She negotiated with her lender to cut some of the added costs, and her two grown children are helping her make up the rest of the shortfall. Hartman expects she’ll ultimately have to sell her two-bedroom home and leave South Florida. “I’m in dire straights,” she said.

Late Florida Mortgage Payments Still Soaring

Thursday, March 15th, 2007

Overdue Florida mortgage payments continued to soar over the final three months of 2006, and soared over first fiscal quarter of 2007, the Palm Beach Post reported Tuesday.

The late payments invariably lead to foreclosures, which in Florida set a new record as borrowers with troubled credit fell behind in their payments.

The picture of an ailing Florida housing market - and of shaky borrowers standing on their last legs - was equally dismal as the Mortgage Bankers Association released its quarterly snapshot of state mortgage markets.

New foreclosures jumped to a record high of 0.54 percent. The previous high was 0.50 percent in the second quarter of 2002 as the U.S. economy tried to recover from the 2001 recession, the MBA said.

The survey of 43.5 million first mortgage loans nationally - about 80 percent of all outstanding home loans - drove yet another nail into the coffin of the five-year housing boom and ended any doubt the boom has gone bust.

A once-sizzling housing market in the Sunshine State has given way in recent months to some of the highest foreclosure rates in the nation, leaving Florida mortgage holders in a world of trouble from the Panhandle to ther Keys.

Florida mortgages
overdue for 30 days or more in the fourth quarter of 2006 climbed to a record 4.86 percent of all loans tracked - up sharply from the same period in the previous year, when 4.66 percent were delinquent.

“As Florida was rocketing up in values, we had lots of investors that bought homes with the expectation of flipping these homes,” said Jim Sahnger, vice president of Palm Beach Financial Network in Sewall’s Point.

“Many of these people are now over-leveraged or they’re ‘upside down’ - they owe more than their house is now worth.”

The bleak report comes on the eve of the traditional spring home-selling season.
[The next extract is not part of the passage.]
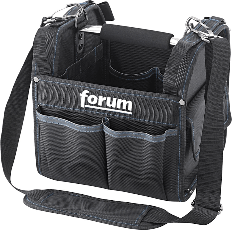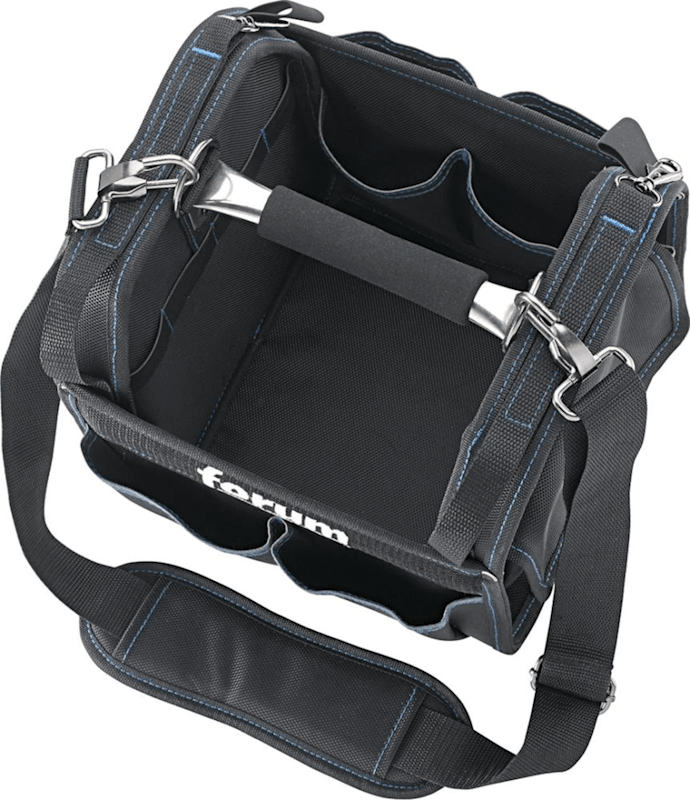 Werkzeugtasche, klein• Nylon 1680 Denier • Tragegriff gepolstert • Trageriemen gepolstert und längenverstellbar • Kunststoffbodengleiter • 2 große Außentaschen mit Klettverschluss • 4 Außenfächer

Surging Florida home loan defaults and foreclosures could dump as many as 500,000 more properties onto the already bloated inventory of unsold homes, analysts say.

The report echoes a widely discussed report from Lehman Brothers Holdings this week that warned mortgage defaults could rise to $300 billion this year if home prices plunge, and tightened lending standards prevent homeowners threatened with foreclosure from Florida mortgage refinancing.

In Florida, past-due mortgages led inexorably to record new foreclosure filings in the fourth quarter of last year. The percentage of Florida home loans for which foreclosure began more than doubled from the same period in 2005, rising 24 basis points to 0.45 percent from 0.21 percent.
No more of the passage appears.